After this Richardson continued in a successful run of prizetaking in Semiramis; at the beginning of 1812 he was sent to serve on the Irish Station, where he captured the French 14-gun privateer Grand Jean Bart on 29 February. Richardson sailed in Semiramis to the Cape of Good Hope Station on 28 October. He left Semiramis on 29 August 1814 when she was paid off at Portsmouth. Richardson was rewarded for his services on 4 July 1815 with his appointment as a Companion of the Order of the Bath; the Napoleonic Wars ended on 20 November. He received his next command, the 60-gun frigate HMS Leander, on 29 July 1819.

===Post-war service and retirement===
Leander was the flagship of Rear-Admiral Sir Henry Blackwood, who had been Richardson's captain in Penelope and had now been given command of the East Indies Station. Richardson served in Leander on the station and while there on 29 July 1821 he left Leander to command the 44-gun frigate HMS Topaze, whose captain had died on station. In Topaze he sailed from Pulo Penang to China to serve as a buffer between Chinese authorities and British merchants. Upon arriving at Canton his crew created a severe diplomatic incident after firing on a group attacking Topazes watering party on Lintin Island and killing two locals. The Chinese authorities reacted by demanding Richardson give up one his crew to be executed, and upon Richardson refusing this demand they suspended all trade between the two nations at Canton and removed all British merchants and East India Company ships. As tensions rose soon after, a Chinese war junk made an aborted attempt to attack Topaze, and Richardson in response closed with Canton and anchored in the river, threatening Chinese trade. A Chinese mandarin was sent on board Topaze by his government soon afterwards, and through discussion with Richardson the situation was successfully resolved and tensions eased on 20 February 1822. (Note: Despite this, the Chinese continued to demand that a culprit be given up to them for the next seven years.) Richardson sailed from China at the end of the month and rejoined Leander as her captain on 23 May. Because of the events at Canton Richardson's mental state had severely deteriorated. On 14 October, with his health described as being in a "very dangerous state" by biographer John Marshall, he was invalided home via the Cape of Good Hope, also suffering from a severe fever.

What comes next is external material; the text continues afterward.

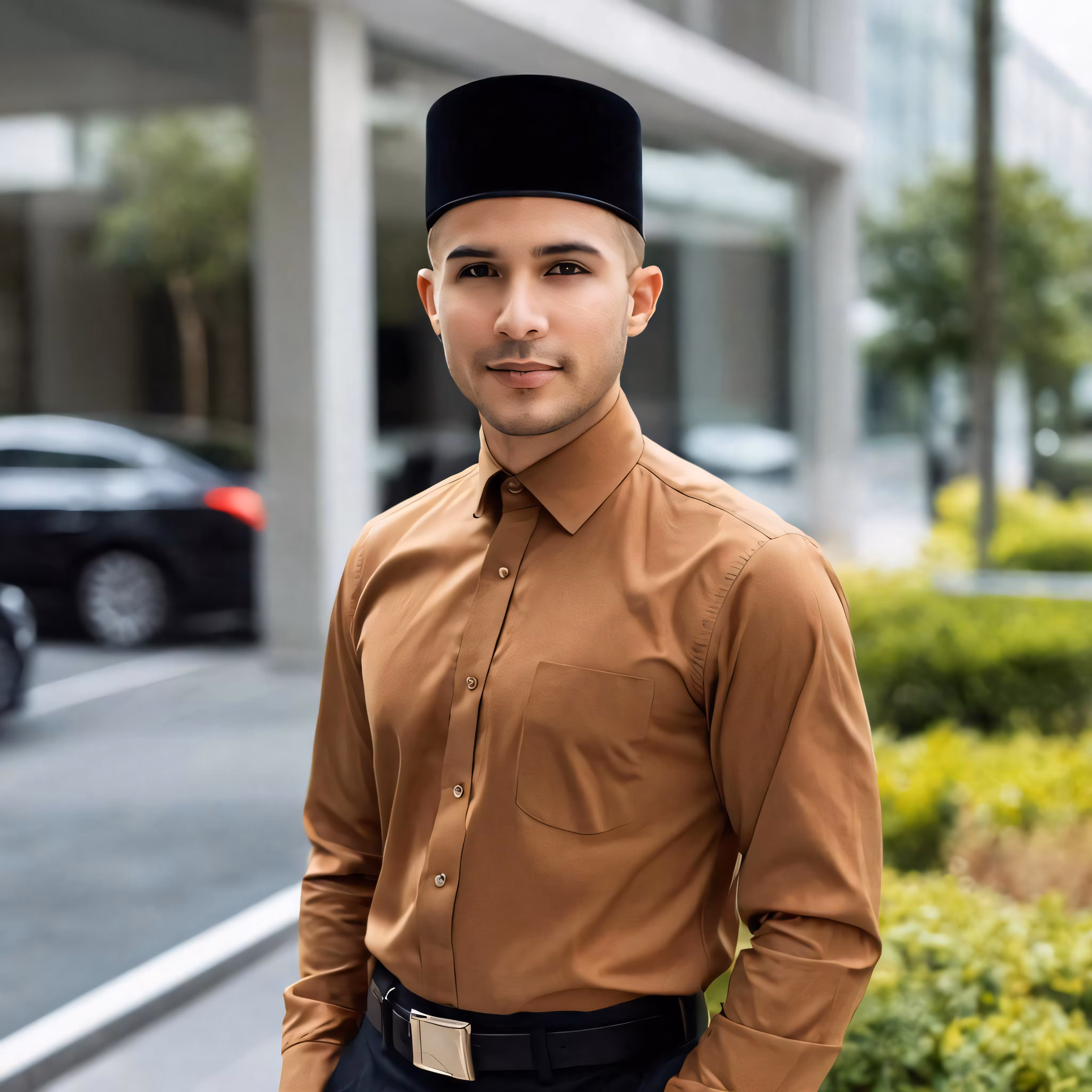 High resolution picture, free to use, a man standing outside in an oriental clothing

This was Richardson's last active service in the Royal Navy, but he continued to be rewarded and promoted in retirement, becoming a rear-admiral on 10 January 1837, a Knight Commander of the Order of the Bath on 29 June 1841, and a vice-admiral on 17 December 1847. (Note: Full dates of promotion: rear-admiral of the blue 10 January 1837, rear-admiral of the white 23 November 1841, rear-admiral of the red 9 November 1846, vice-admiral of the blue 17 December 1847, vice-admiral of the white 9 October 1849.) In the same year he received the Naval General Service Medal with clasps for the Glorious First of June, Camperdown, Egypt, and the Basque Roads. Richardson had a house built for himself in around 1815, Painsthorpe House in Yorkshire, living there in later life. He died at Painsthorpe on 10 November 1850, aged eighty-three, from a severe bout of influenza, at the rank of vice-admiral of the white. (Note: Sources disagree on Richardson's age, with Urban stating it as eighty-three but Armstrong saying eighty-one.)